Compare consistent windows and preserve acquisition channel and attribution fields on business outcomes. If visibility and pipeline move together, record the relationship as an observation and a testable hypothesis. Do not present it as proof that visibility caused the commercial result. Flag missing attribution, changed scope, campaign activity, and changes in the tracked competitor set.
A practical selection and rollout sequence
- Choose one decision and one channel. Start with organic search visibility for a fixed keyword set or AI answer mentions for a defined prompt set.
- Write the metric contract. Name the numerator, denominator, brand, competitors, scope versions, geography or engine, and period.
- Establish a baseline. Save the source report and calculation before changing content, prompts, or campaign activity.
- Verify evidence access. Confirm history, fields, identifiers, export or API support, authentication, limits, and plan requirements.

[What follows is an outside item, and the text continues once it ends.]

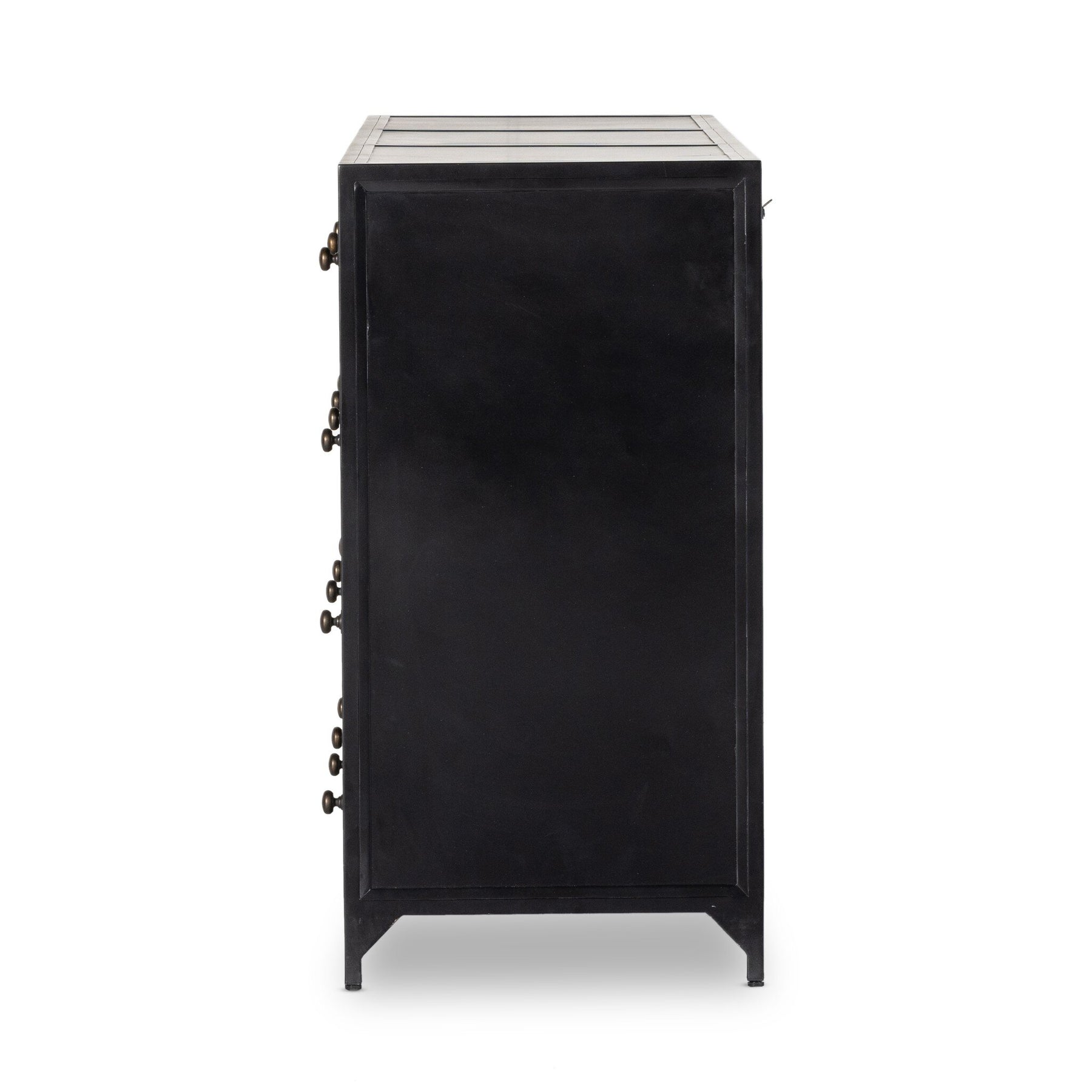 Industrial-inspired, black-finished iron forms a wide and roomy twelve-drawer dresser, with bronzed knobs for contrast.

- Assign an owner. Name who approves scope changes, reviews exceptions, and decides whether the result changes a content, campaign, or communications action.
- The business question and channel are explicit.
- The numerator and denominator are documented.
- The baseline uses a fixed, versioned scope.
- The source path and required fields are verified.
- A unique key, retry strategy, and exception owner are defined.
- The CRM destination stores an approved summary, not unexamined raw evidence.
Keep the first report small enough to repeat and useful enough to inform a decision. Expand to another channel only when the initial measurement is stable, its evidence is accessible, and the team understands what the number does and does not represent.